L’impérialisme anglo-saxon chez les étudiants contestataires

Lors du mouvement Occupons Montréal de l’automne dernier, il fut surprenant de constater qu’un mouvement québécois agissant au sein de la métropole de la nation québécoise de langue française soit autant bilingue, alors que la majorité des indignés étaient francophones. On en tira la conclusion que c’était probablement dû au fait que le mouvement était mondial et que les contestataires - refusant d’affirmer leur idiome national - craignaient que leur message passe moins s’il était uniquement en français.

Par contre, la situation est tout autre dans le cas de la lutte étudiante contre la hausse des frais de scolarité. Cette lutte touche uniquement le Québec. Or, quelle ne fut pas la surprise, ce jeudi 2 février, de constater la poignée d’étudiants anglophones de McGill et Concordia venir chanter et scander des slogans en anglais à l’UQÀM, afin d’inviter les étudiants à faire preuve de solidarité avec eux dans la lutte. Pourtant, s’il est une université où les étudiants sont revendicateurs et n’ont pas besoin d’invitation pour manifester, c’est bien l’UQÀM ! Les quelques étudiants de McGill et de Concordia ont quand même tenu à inviter les étudiants de l’université à faire preuve de solidarité et à lutter avec eux. Bonne initiative en soi.

Mais là où le bât blesse, c’est lorsque cette poignée d’étudiants - dont la plupart proviennent du Canada ou des États-Unis - ne daigne même pas s’adresser aux étudiants de l’UQÀM dans leur langue, qui est la langue nationale des Québécois. Ça explique probablement le peu d’enthousiasme qu’a suscité leur mini-manifestation chez les étudiants de l’UQÀM. Pire, et d’autant plus paradoxal, est que ces étudiants ont distribué des tracts bilingues à prédominance anglaise sur lesquels était écrit que les langues et les cultures divisent les luttes communes. Or, que fait cette minorité anglophone en refusant de s’intégrer à la majorité étudiante francophone du Québec et en persistant à imposer l’anglais, si ce n’est que de diviser le mouvement ?

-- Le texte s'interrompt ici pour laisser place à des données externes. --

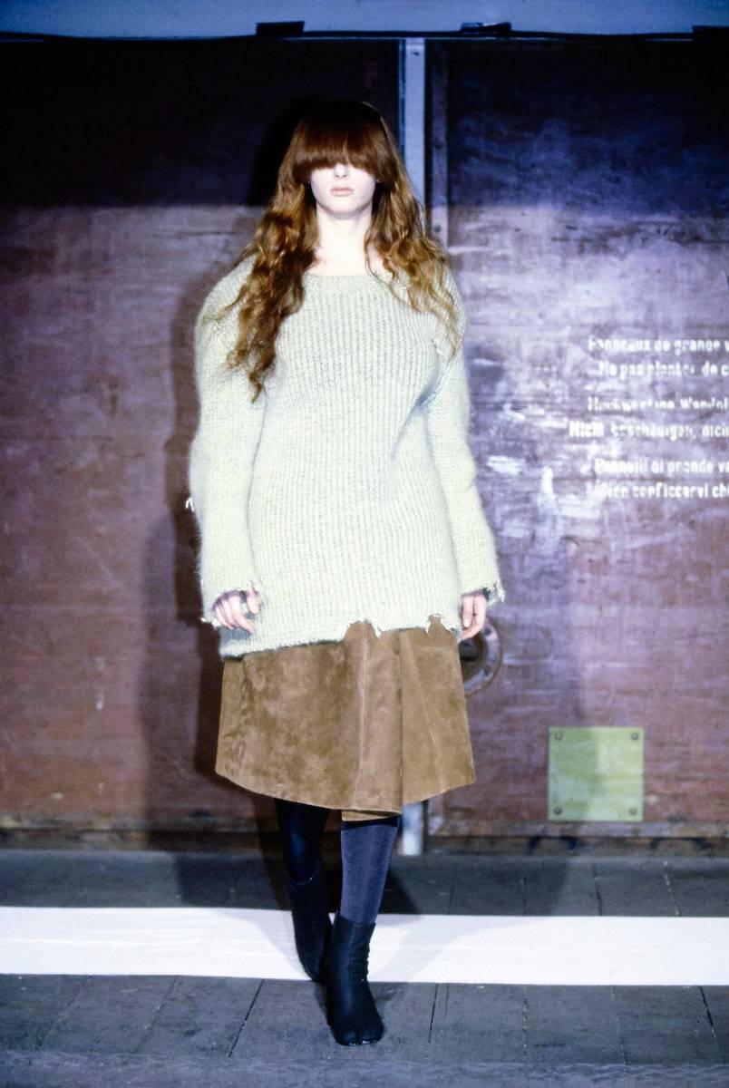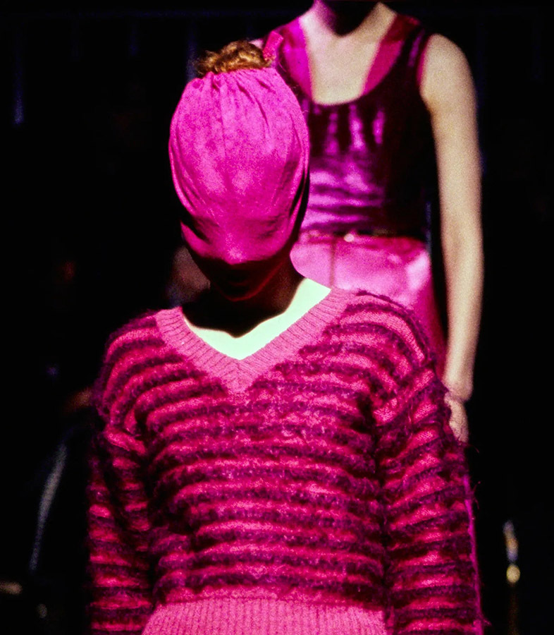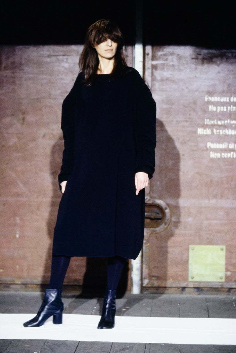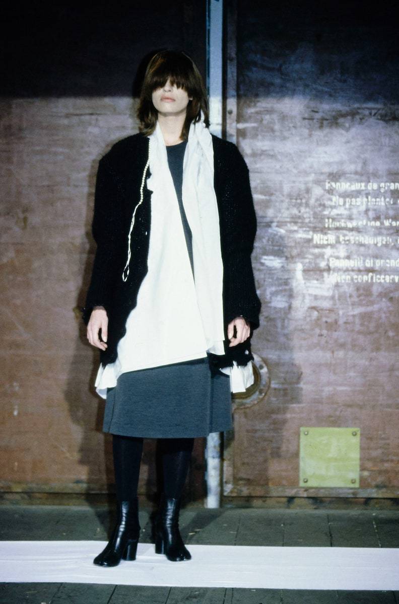 Если бы приходилось выбирать самую радикальную коллекцию Мартина Маржелы, то ею была бы она — осень-зима 2000. Пока Том Ford в Gucci и Джон Гальяно в Dior открывали тело — Маржела скрывал его за множеством слоев.
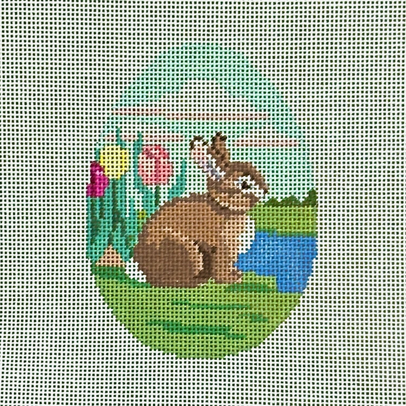 This hand painted egg shaped needlepoint canvas by Susan Roberts features a sweet bunny rabbit amongst tulips.

La lutte contre la hausse des frais de scolarité est une lutte on ne peut plus légitime. Une lutte visant à protester contre un projet du gouvernement Charest qui va à l’encontre de l’esprit démocratique nécessaire à l’éducation supérieure, tel que le stipulait le rapport Parent en 1964. Par contre, cette lutte est une lutte nationale, la lutte des étudiants ( et de tous les membres de la population qui désirent y prendre part ) appartenant à la nation québécoise de langue et de culture françaises. La minorité étudiante anglophone, en refusant de s’intégrer à la majorité francophone du Québec et en tentant d’imposer sa langue à cette même majorité, contribue à la division de la lutte contre la hausse des frais.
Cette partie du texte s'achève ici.